FN23. The Ramirezes also rely on Gonzalez’s testimony that he had a financial interest in making sure the silage made it to the destination, that he did not tell Chester Farms that he would be hiring other drivers, and that background checks are important. This is no evidence of control. Every contractor has a financial interest in a subcontractor’s performance, and a background check is relevant to a negligent-hiring analysis, which is not before us. See Fifth Club, 196 S.W.3d at 796 (addressing background checks in the context of a negligent-hiring claim).

 

We hold that the court of appeals erred in partially reversing the trial court’s no-evidence summary judgment.
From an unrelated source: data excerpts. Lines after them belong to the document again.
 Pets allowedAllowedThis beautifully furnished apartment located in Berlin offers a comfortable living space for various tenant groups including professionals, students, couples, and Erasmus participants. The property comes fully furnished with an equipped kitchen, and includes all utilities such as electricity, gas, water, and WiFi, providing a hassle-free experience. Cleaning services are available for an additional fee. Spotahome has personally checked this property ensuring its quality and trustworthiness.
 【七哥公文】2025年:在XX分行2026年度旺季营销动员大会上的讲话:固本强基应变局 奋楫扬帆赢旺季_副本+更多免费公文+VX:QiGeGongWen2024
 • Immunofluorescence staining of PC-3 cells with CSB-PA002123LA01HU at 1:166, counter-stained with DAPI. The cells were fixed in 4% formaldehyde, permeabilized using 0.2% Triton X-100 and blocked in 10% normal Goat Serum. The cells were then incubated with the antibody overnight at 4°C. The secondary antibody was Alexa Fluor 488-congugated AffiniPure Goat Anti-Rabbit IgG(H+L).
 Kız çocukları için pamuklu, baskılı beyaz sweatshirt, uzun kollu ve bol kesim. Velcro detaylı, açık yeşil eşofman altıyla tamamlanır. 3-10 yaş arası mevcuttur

We grant the petition for review, and, without hearing oral argument, we (1) reverse the court of appeals’ judgment in part, (2) render judgment for Gonzalez on the Ramirezes’ claims and on Jackson’s claims asserted under the Federal and Texas Regulations, and (3) remand this case to the court of appeals to consider only Jackson’s negligent-hiring claim.FN24 TEX. R. APP. P. 59.1.

 

FN24. The remand encompasses only the common-law negligent-hiring claim. To the extent Jackson asserts statutory or regulatory bases for this claim under the Federal or Texas Regulations, we have already addressed those in this opinion.